Question

There are four numbers such that average of first two numbers is 1 more than the first number, average of first three numbers is 2 more than average of first two numbers, and average of first four numbers is 3 more than average of first three numbers. Then, the difference between the largest and the smallest numbers, is

Answer 1

Correct Answer: 15

Let the four numbers be $a, b, c, d$.

Step 1. The average of the first two numbers is $\frac{a+b}{2}$, and it is 1 more than $a$, so:
$\frac{a+b}{2} = a+1 \implies a+b = 2a+2 \implies b = a+2$.

Step 2. The average of the first three numbers is $\frac{a+b+c}{3}$, and it is 2 more than the average of the first two, so:
$\frac{a+b+c}{3} = \frac{a+b}{2} + 2 \implies \frac{a+b+c}{3} = a+1+2 = a+3$.
$a+b+c = 3(a+3) = 3a+9 \implies c = 3a+9 - (a+b) = 3a+9 - (a+a+2) = 2a+7$.

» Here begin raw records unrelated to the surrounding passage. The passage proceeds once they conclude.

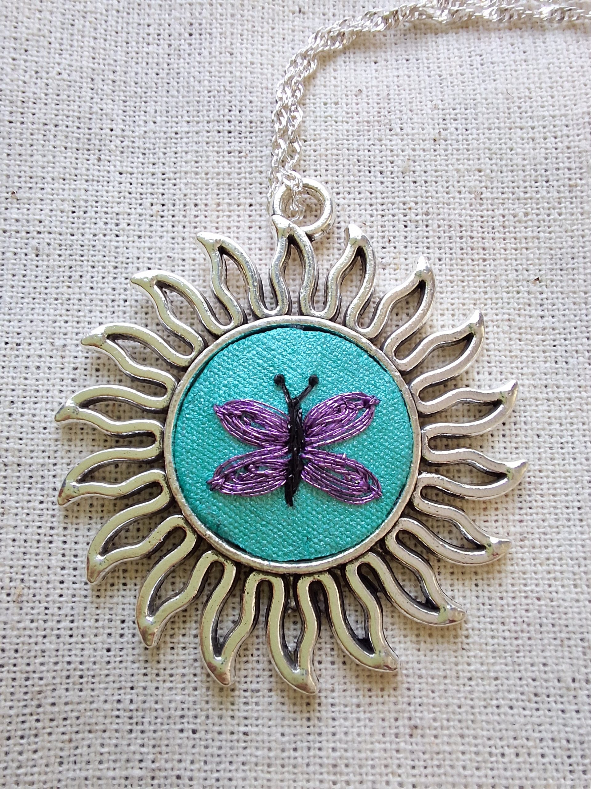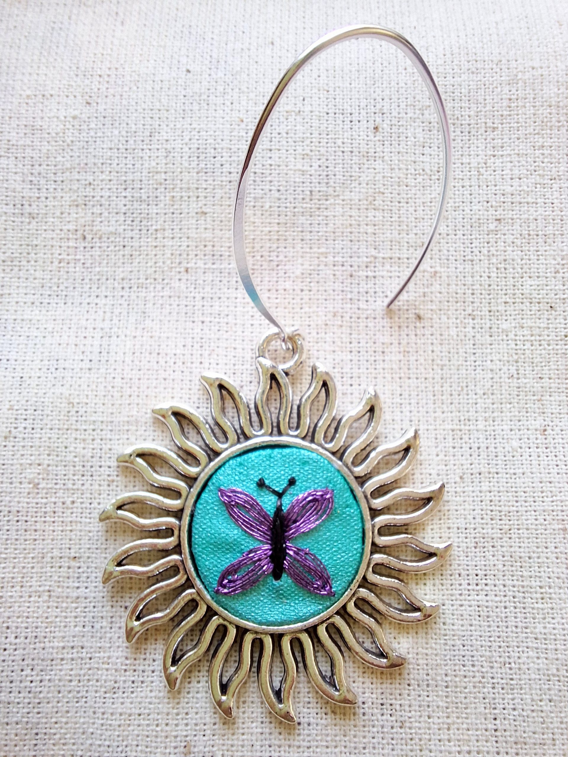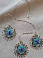 - Características: Conjunto compuesto por el colgante y aros con un delicado bordado. Bordado a mano con hilos metalizados. Incluye cadena de plata de 50 cms, aros con ganchos de plata, instrucciones de cuidado . Todo en una hermosa caja.
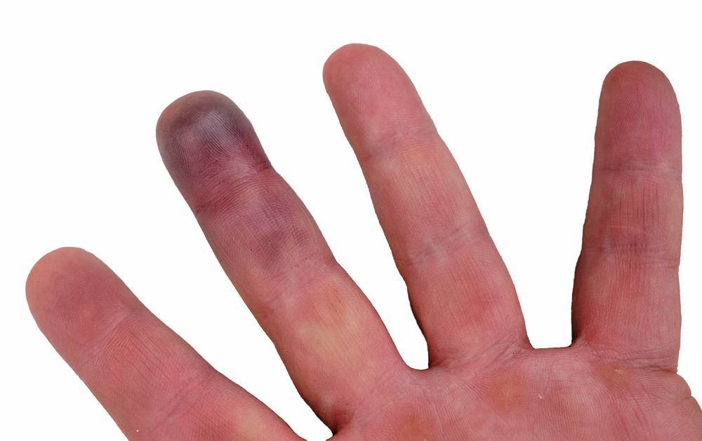 Мелкие кровоподтеки часто расположены в районе пальцев рук, крупные кровоизлияния, как правило, располагаются на ногах (бедра, голени).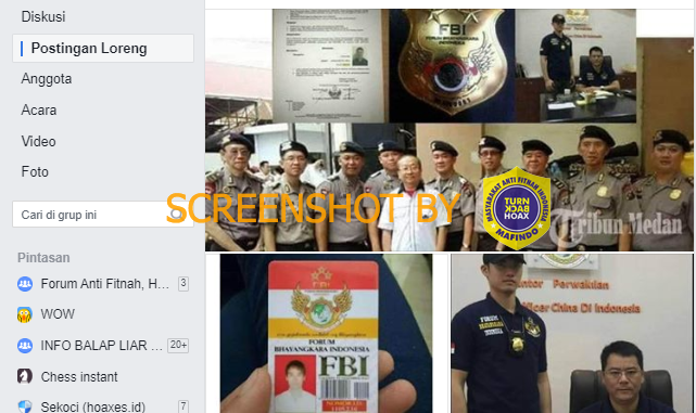 Sementara foto yang memperlihatkan dua pria menggunakan kaos biru berkerah bukanlah seragam Polri. Foto tersebut pernah diklarifikasi oleh Mafindo pada Desember 2016, diketahui bahwa seragam yang digunakan bukanlah seragam Polri melainkan organisasi Forum Bhayangkara Indonesia (FBI). FBI sendiri adalah sebuah organisasi yang sah dan beranggotakan WNA yang secara administrasi sudah legal.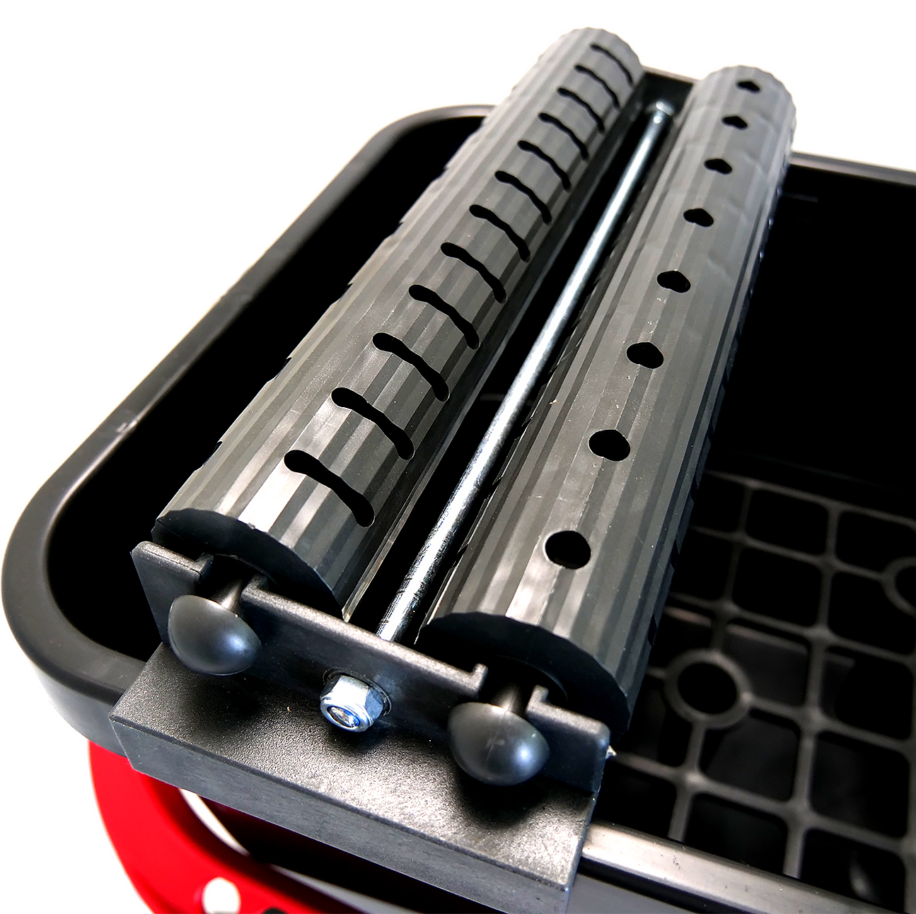 - galeata de 20 de litri - aceasta este echipata cu un gratar integrat pentru scurgerea eficienta a sedimentelor, care vor ramane in partea de jos a galetii. Pe galeata sunt montate si 2 role din plastic ce favorizeaza scurgerea surplusului de apa din drisca cu burete cu care se spala rosturile. De asemenea, galeata este echipata cu 4 roti si un maner practic, pentru a asigura un transport facil in zona de lucru;

Step 3. The average of the first four numbers is $\frac{a+b+c+d}{4}$, and it is 3 more than the average of the first three numbers, so:
$\frac{a+b+c+d}{4} = \frac{a+b+c}{3} + 3 \implies \frac{a+b+c+d}{4} = a+3+3 = a+6$.
\(a+b+c+d = 4(a+6) = 4a+24 \)
\(\implies\) \(d = 4a+24 - (a+b+c) = 4a+24 - (a+a+2+2a+7) = 15.\)

The numbers are $a, a+2, 2a+7, 15$. The largest number is 15, and the smallest is $a$.
Thus, the difference is:
$15 - a = 15$.